Слезы застилали Россу глаза, но он не сводил взгляда со своей суки жены. Поганая шлюха! Ты сводишь меня с ума! Из-за тебя я ударил сына, которого люблю больше всех на свете, а теперь ты еще смеешь возражать мне!

Ты доводишь меня до бешенства, сука. Ты довела меня до того, что я не сдержался и ударил сынишку. Видишь, что ты со мной делаешь? Видишь? Видишь?!

Россу хотелось избить ее, размазать в кашу смазливое личико, разбить пухлые губы, выбить зубы. Посмотрим, что скажет Оливер Кэбот, когда она куснет его за его длинный член выбитыми зубами!

Надо же – она смеет возражать ему! Это совсем на нее не похоже. Неужели сказывается влияние Оливера Кэбота? Неужели шарлатан настраивает ее против него? Вера никогда раньше не спорила с ним, всегда кротко соглашалась. Она не стала бы спорить и сейчас, если бы знала, что с ней происходит на самом деле.
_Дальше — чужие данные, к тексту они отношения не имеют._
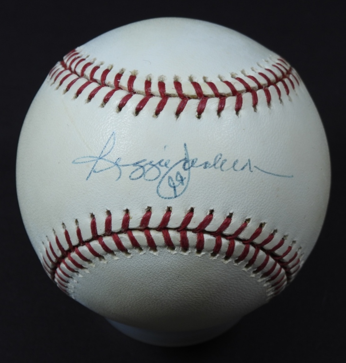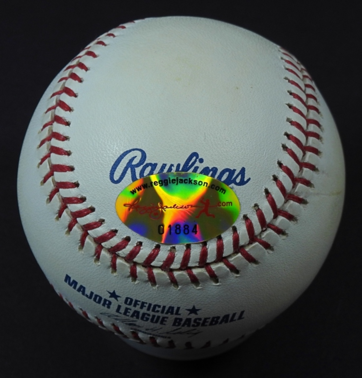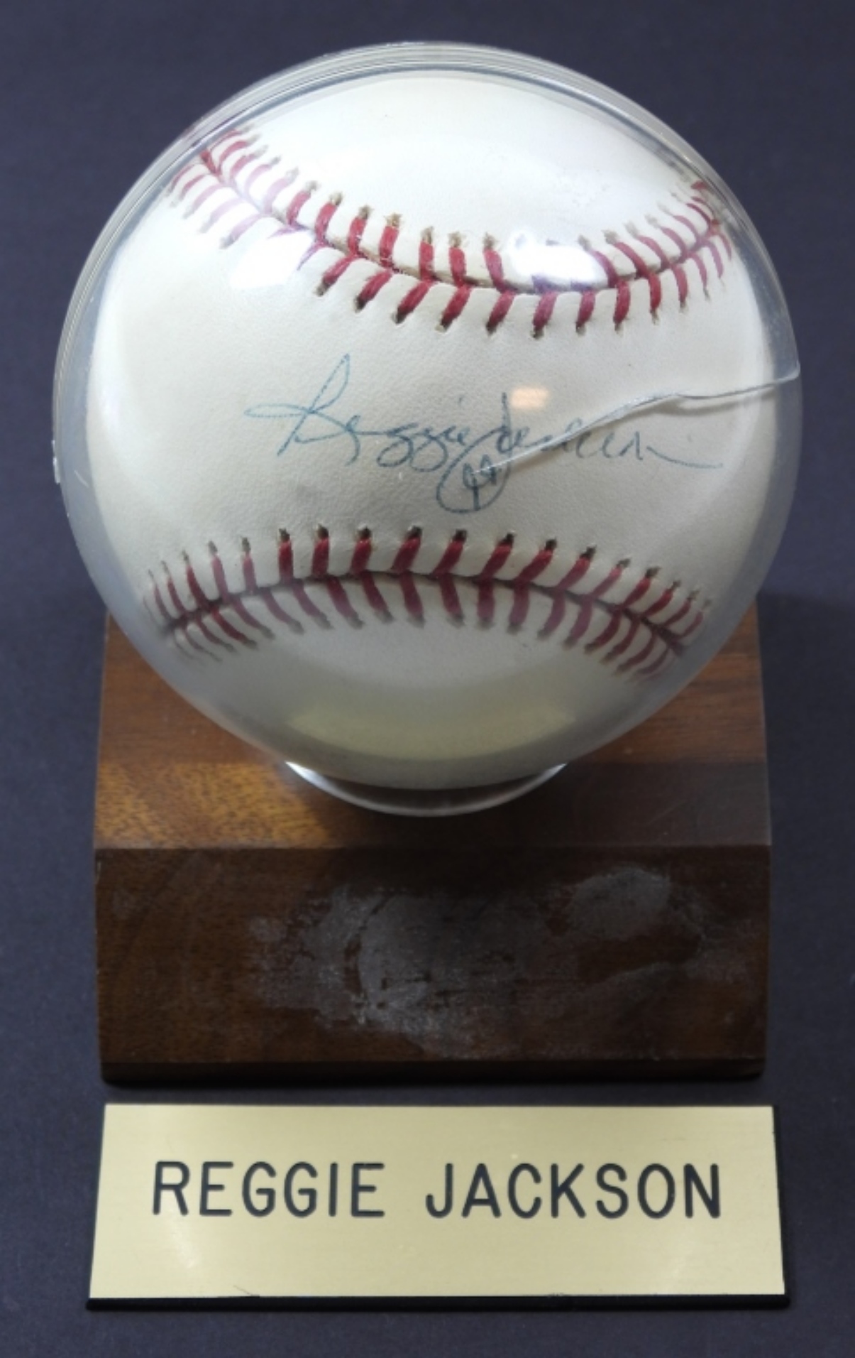 REGGIE JACKSON AUTOGRAPHED BASEBALL, IN PROTECTIVE CASING, NAME PLAQUE IS FALLING OFF, UNVERIFIED

Томми Пирмен завалил его информацией о болезни Лендта. Двадцать процентов людей, которым был поставлен такой диагноз, через год еще живы. Восемьдесят человек из ста умирают, двадцать продолжают жить. Те восемьдесят процентов все равно умерли бы рано или поздно. Отрицательный настрой. Ты умираешь только тогда, когда хочешь умереть; ты умрешь, если тебе скажут, что ты умираешь. Вера не умрет, потому что никто ей ничего не скажет. Она ничего не узнает, и поэтому все с ней будет хорошо.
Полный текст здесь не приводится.